DATA FOR THIS TASK:
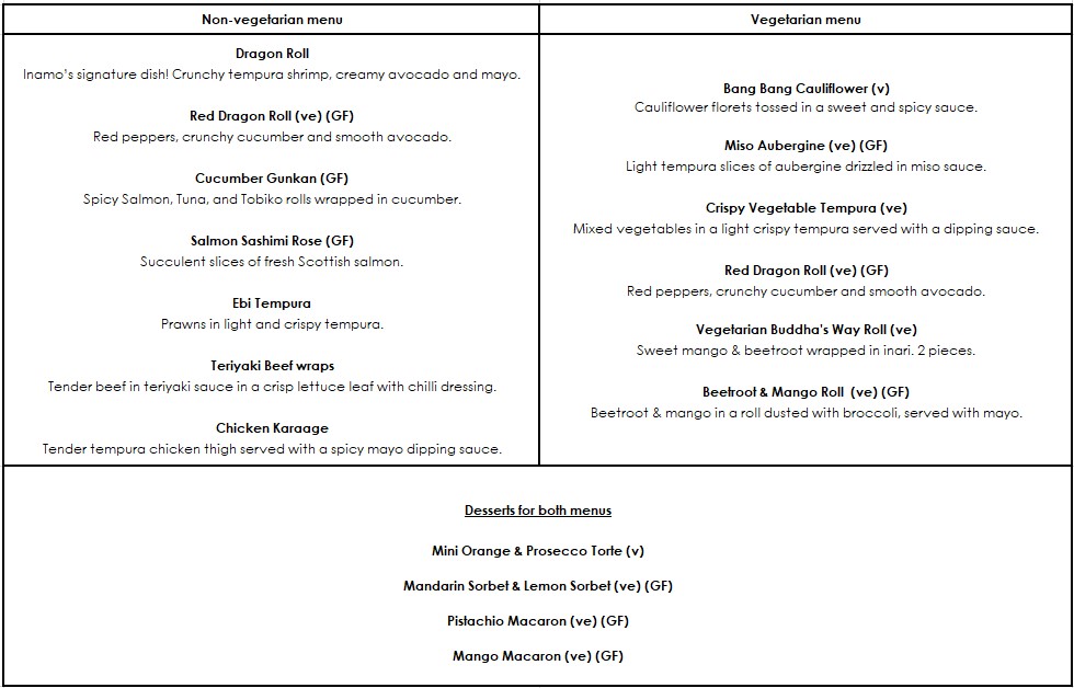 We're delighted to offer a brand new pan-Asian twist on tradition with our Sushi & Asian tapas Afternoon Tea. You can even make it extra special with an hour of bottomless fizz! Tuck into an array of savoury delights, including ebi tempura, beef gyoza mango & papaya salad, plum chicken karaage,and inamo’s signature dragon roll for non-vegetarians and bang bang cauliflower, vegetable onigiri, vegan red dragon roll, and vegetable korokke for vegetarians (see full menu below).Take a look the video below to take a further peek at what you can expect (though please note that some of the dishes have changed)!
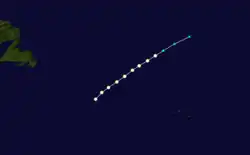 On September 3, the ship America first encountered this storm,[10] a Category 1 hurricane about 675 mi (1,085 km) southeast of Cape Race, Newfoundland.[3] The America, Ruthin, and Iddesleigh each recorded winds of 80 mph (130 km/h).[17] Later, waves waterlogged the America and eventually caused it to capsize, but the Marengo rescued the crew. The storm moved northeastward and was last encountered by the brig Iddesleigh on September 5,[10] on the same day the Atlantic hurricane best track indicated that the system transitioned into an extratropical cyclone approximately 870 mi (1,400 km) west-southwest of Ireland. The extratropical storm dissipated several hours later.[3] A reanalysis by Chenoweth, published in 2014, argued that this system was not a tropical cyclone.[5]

--

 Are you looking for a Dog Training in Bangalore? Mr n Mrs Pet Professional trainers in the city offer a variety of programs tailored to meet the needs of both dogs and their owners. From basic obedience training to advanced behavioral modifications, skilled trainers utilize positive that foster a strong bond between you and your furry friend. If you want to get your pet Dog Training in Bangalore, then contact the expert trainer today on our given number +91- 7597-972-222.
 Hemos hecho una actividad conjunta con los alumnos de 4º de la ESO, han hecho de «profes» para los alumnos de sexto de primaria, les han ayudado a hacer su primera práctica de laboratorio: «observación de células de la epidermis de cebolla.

...

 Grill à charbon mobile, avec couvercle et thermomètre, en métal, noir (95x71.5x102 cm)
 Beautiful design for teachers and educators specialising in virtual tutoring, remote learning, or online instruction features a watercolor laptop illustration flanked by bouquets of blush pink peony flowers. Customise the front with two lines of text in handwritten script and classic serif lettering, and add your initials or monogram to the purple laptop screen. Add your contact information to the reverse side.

EXERCISE PROMPT:
No picture is to be printed. Output exactly the lines above from the line containing "We're delighted to" through the line containing "On September 3, the".

RESPONSE BELOW:
 We're delighted to offer a brand new pan-Asian twist on tradition with our Sushi & Asian tapas Afternoon Tea. You can even make it extra special with an hour of bottomless fizz! Tuck into an array of savoury delights, including ebi tempura, beef gyoza mango & papaya salad, plum chicken karaage,and inamo’s signature dragon roll for non-vegetarians and bang bang cauliflower, vegetable onigiri, vegan red dragon roll, and vegetable korokke for vegetarians (see full menu below).Take a look the video below to take a further peek at what you can expect (though please note that some of the dishes have changed)!
 On September 3, the ship America first encountered this storm,[10] a Category 1 hurricane about 675 mi (1,085 km) southeast of Cape Race, Newfoundland.[3] The America, Ruthin, and Iddesleigh each recorded winds of 80 mph (130 km/h).[17] Later, waves waterlogged the America and eventually caused it to capsize, but the Marengo rescued the crew. The storm moved northeastward and was last encountered by the brig Iddesleigh on September 5,[10] on the same day the Atlantic hurricane best track indicated that the system transitioned into an extratropical cyclone approximately 870 mi (1,400 km) west-southwest of Ireland. The extratropical storm dissipated several hours later.[3] A reanalysis by Chenoweth, published in 2014, argued that this system was not a tropical cyclone.[5]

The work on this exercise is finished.